Group seeks to make it harder to substitute judges

 Rule was enacted in 1903 to guard against judicial corruption

By Matt Volz
Associated Press

HELENA, Mont. (AP) — The Montana Judges Association wants to make it more difficult for people with cases before district courts to substitute one judge for another simply by filing a statement that they believe the judge would not be fair or impartial.

The Copper King-era rule was enacted in 1903 to guard against judicial corruption but it has led to abuse in modern times, with 1,188 judicial substitutions from 2011 to 2012, the association’s petition to the Montana Supreme Court said.

Some attorneys have used the rule in an attempt to circumvent certain judges or remove others from a particular line of cases, members of the judges’ association said.

“The association thinks that attorneys are substituting judges for no real good reasons. We also believe their clients often don’t even know their judges are being substituted,” said District Judge Russell Fagg, the association’s president.

The result of all those substitutions is additional cost to taxpayers and a slowdown in the entire judicial system, with some substitute judges required to travel hundreds of miles to replace a judge in a rural district, he said.

The proposed changes include increasing the fee for a substitution request from $100 to $500, requiring requests to be signed by both the attorney and the client and shortening the time a request can be made from 30 days to 10. In addition, no substitutions would be allowed in youth court proceedings, child abuse and neglect cases and mental health commitments.

The Supreme Court sent the proposal out for a 60-day public-comment period Tuesday. After that, the justices will decide whether to enact all or part of the proposed changes.

The current rule was enacted in 1903 after two Butte-Silver Bow judges repeatedly ruled for a surveyor named F. Augustus Heinze in mining claims cases, according to a history written by Chief Justice Mike McGrath in a 2011 Supreme Court ruling.

There is no agreement among historians over whether the judges were “corrupt, inept or merely fiercely loyal to Heinze,” McGrath wrote. But the rulings for Heinze prompted the Amalgamated Copper Company to first attempt to bribe one of the judges, then to push the Legislature to pass the “Fair Trial Bill” that allowed litigants to automatically substitute a judge.

Since that time, there have been no documented allegations of corruption among Montana district judges, the association’s petition said.

Previous attempts to change the rule through legislative action and a Montana Supreme Court petition failed to pass.
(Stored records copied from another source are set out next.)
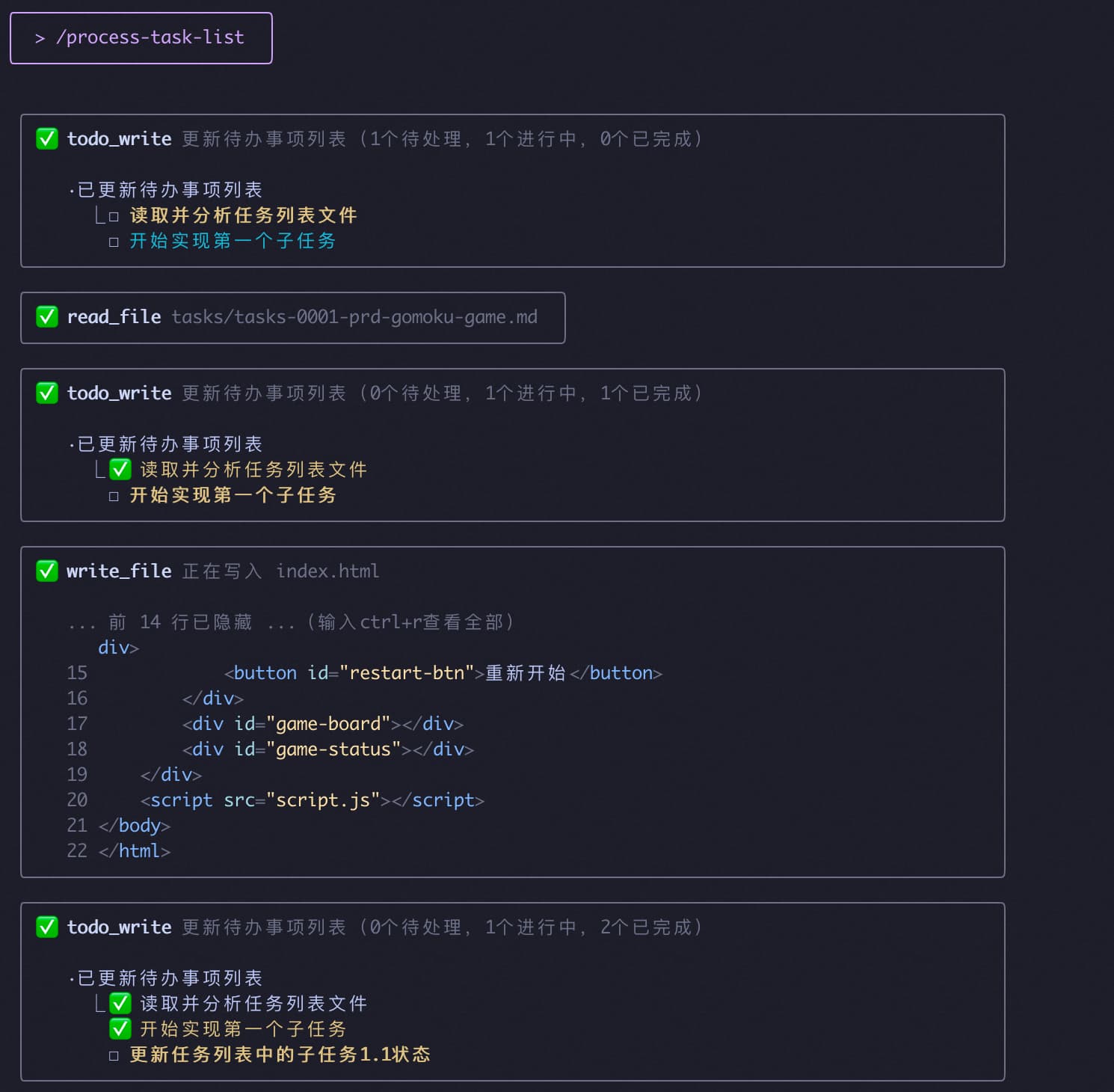 直接输入/process-task-list,就可以让他进行写代码任务了
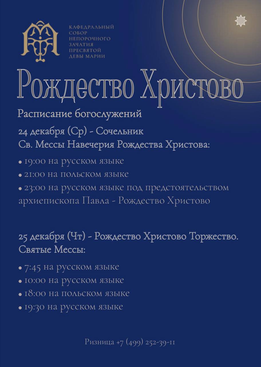 Расписание Св. Месс в Кафедральном соборе 24-25 декабря 2025 года
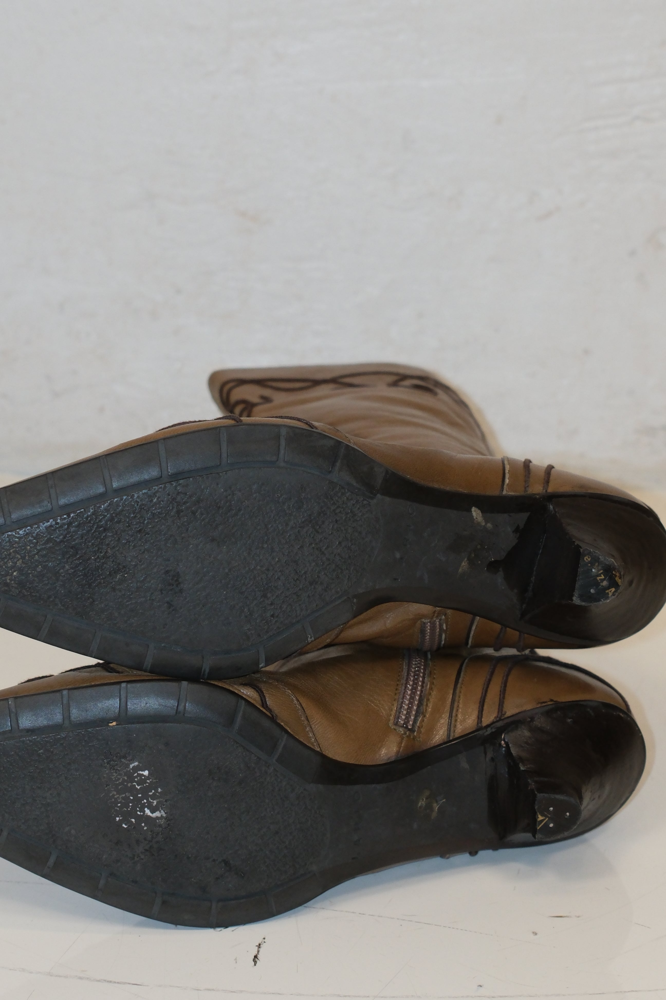 Italian Caramel Leather Ankle Kitten Heel Boots with Decorative Details Size 36.5

The issue flared up again last fall in Missoula after public defenders who requested substitutions complained that cases originally assigned to District Judge John Larson were being sent to courts outside the county, creating a hardship for poorer clients.

District Judge Robert Deschamps II said at the time that certain public defenders routinely filed substitution motions for Larson’s cases.

The dispute in Missoula factored into the decision to file a new petition, but the problem is statewide and all district judges are in agreement that a change needs to be made, Fagg said.

“Certainly, the association was aware of the difficulties occurring in Missoula and that was a part of the thinking that went into, ‘Let’s go ahead and ask the Supreme Court to address this,’” he said.

Larson, who was one of eight judges to sign the petition for the rule change, said he would have backed it even without the issue in his courtroom.

Public Defender Commission Chairman Richard “Fritz” Gillespie said the commission has not taken a position on the rule change, but acknowledged this is a subject of concern for district judges for some time.

He said he doesn’t agree with everything that is being proposed — particularly, the bar on substitutions in juvenile proceedings and other cases — and has not seen evidence in the petition abuse exists.

Attorneys have an obligation to do the best they can to ensure a fair trial in front of an impartial judge, Gillespie said.

“I would say probably 99 percent of the time, the judges act fairly and impartially and there isn’t a reason that comes up for suing the rule. It’s just that in some situations, the perception is that the judge isn’t being fair and impartial,” he said.